Я уже был в яблоневом саду, когда в монастырской часовне, где-то высоко над моей головой ударил колокол – ударил пронзительно, резко и тревожно, словно вырванное из груди отчаянно пульсирующее человеческое сердце. Колокол ночью в монастыре?.. Господи, что это все значит?
Опрометью миновав сад, я, как вихрь, ворвался в невысокую каменную часовню и…
Я почувствовал, как тело у меня покрывается холодным липким потом. То, что я увидел, более напоминало кошмарный сон. Я зажмурился – нет, такого просто не могло случиться в действительности!..
Граф Монсегюр сидел на полу перед самым алтарем, прижимая к груди безжизненное тело женщины. Ее белая монашеская одежда была в крови, а в груди, с левой стороны торчала рукоять небольшого изящного кинжала. Пол возле алтаря был залит кровью, словно кто-то нечаянно разбил сосуд с церковным вином для причастия; кровь была на одежде и руках графа.

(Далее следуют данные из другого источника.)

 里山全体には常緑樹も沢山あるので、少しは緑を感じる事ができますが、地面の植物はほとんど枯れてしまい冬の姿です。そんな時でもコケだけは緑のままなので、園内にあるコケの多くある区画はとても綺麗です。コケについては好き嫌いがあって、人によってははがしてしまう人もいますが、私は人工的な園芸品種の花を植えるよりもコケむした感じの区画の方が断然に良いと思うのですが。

Его глаза, устремленные в зияющий провал одному ему ведомых миров, напоминали распахнутые врата в бесконечность.
Поодаль, между скамьями, охваченные ужасом и паникой, беспорядочно жались монахини. Через несколько секунд от них отделилась женщина лет 40-ка с суровым лицом в черной накидке, с огромным золотым крестом на груди она осторожно приблизилась к замершему у алтаря без движения молодому человеку.

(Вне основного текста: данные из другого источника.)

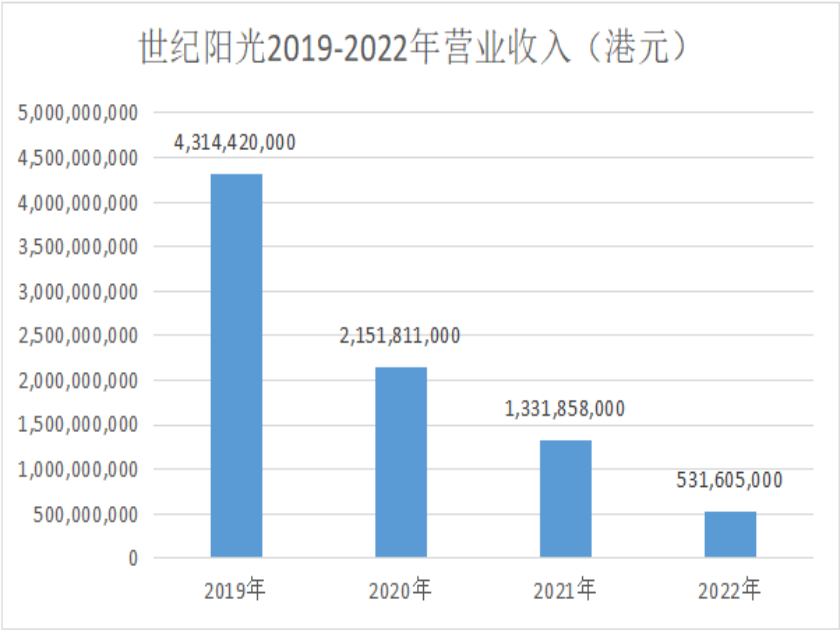 3月27日,港股世纪阳光发布2022年年报。年报显示,公司在2022年整体收入5.32亿港元(约4.67亿人民币),同比减少60.1%,2019年以来营业收入显著降低;税后亏损10.55亿港元(约9.25亿人民币),亏损同比减少15.8%,自2019年税后盈利4.28亿港元(约3.75亿人民币)以来,已经连续三年处于亏损状态。

- Я – настоятельница, мать Агата, - сказала она, с опаской вглядываясь в лицо словно бы спустившегося со звезды прекрасного мужчины, красоту которого горе и ужас как будто сделали еще совершенней, еще пронзительнее. – Мне очень жаль, граф. Мы ничего не знали и не смогли помешать. Графиня Монсегюр среди ночи покинула свою келью и пришла в часовню, где у нее, по всей видимости, была назначена встреча с убийцей. Отец Марио, наш священник, услыхав шум, заглянул в часовню, но все уже было кончено – графиня, бездыханная лежала на полу, а рядом сидела ее убийца.
- Убийца? – в безжизненных глазах великого магистра мелькнуло что-то, словно язычок пламени в угасающем камине.
- Да, монсеньор. Молодая девица. Она даже не пыталась убежать. Сидела возле графини, как вы сейчас, и молилась.
Лицо графа сделалось еще бледнее, белыми стали даже губы.
- Приведите ее сюда, - тихо и очень спокойно сказал он.
Через несколько минут в сопровождении монахинь вошла женщина в длинном черном плаще – ноги ее были босы, а голова непокрыта. В длинных, черных, как смоль, волосах непокорно змеились алые ленты.
- Цыганка! – пронесся по церкви испуганный шепот.
Граф даже не взглянул в ее сторону.
- Зингарелла, - сказал он еще тише. – Я так и думал.
От изумления у меня подкосились ноги: перед нами действительно была Зингарелла, юная цыганка, спокойная и невозмутимая, словно стоящая у жертвенного алтаря весталка.
- Ты все-таки это сделала, - мой г-н медленно поднял на нее свои прекрасные глаза, в которых корчилась от боли и догорала Вселенная.
Встретив ее взгляд, девушка побледнела и задрожала всем телом – его боль, подобно копью, входила в душу и рвала на части сердце.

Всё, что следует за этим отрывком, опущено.